OK, boundaries on x will be negative 2 to 2, because it's a sphere with a radius of 2. We can also see that boundaries on z are going to be from negative square root of 4 minus x squared minus y squared, end square root, all the way up to square root of 4 minus x squared minus y squared, end square root. The only thing that seems odd is finding the boundaries for y for only the sphere we're talking about. But in that case, if we restrict ourselves out of the z dimension, then those boundaries become negative square root of 4 minus x squared, end square root, to square root of 4 minus x squared, end square root. That's just to find the volume of the sphere.
But in rectangular coordinates, we would take the volume of the sphere and then subtract the volume of the cylinder. So some similar logic follows. So the volume of that is between those two is two-fold.

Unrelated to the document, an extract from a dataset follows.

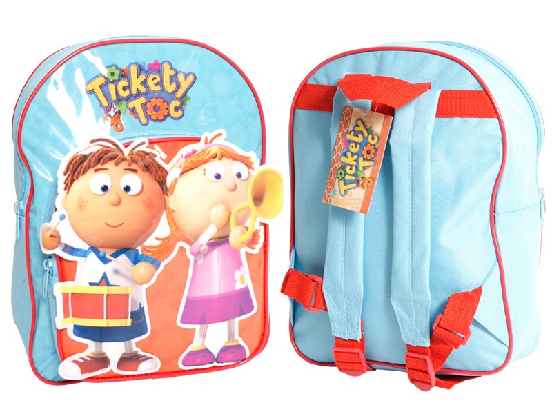 Tickety Toc backpack with 3D element. Features one main zipped compartment, zipped front pocket, adjustable shoulder straps and a top grab handle. Dimensions: Height 30cm Width 24cm Depth 15cm Barcode: 5036278053726

So the integral from negative 2 to 2 with respect to x of the integral from negative square root of 4 minus x squared, end square root, to square root of 4 minus x squared, end square root, with respect to y of the integral from negative square root of 4 minus x squared minus y squared, end square root, to square root of 4 minus x squared minus y squared, end square root, with respect to z of the function 1 minus the integral from negative 1 to 1 with respect to x of the integral from negative square root of 1 minus x squared, end square root, to square root of 1 minus x squared, end square root, with respect to y of the integral from negative square root of 4 minus x squared minus y squared, and square root, to the square root of 4 minus x squared minus y squared, end squared root, with respect to z of the function 1. So that's how we would find the difference in rectangular coordinates, but the difference in volume between the outer sphere and the inner cylinder.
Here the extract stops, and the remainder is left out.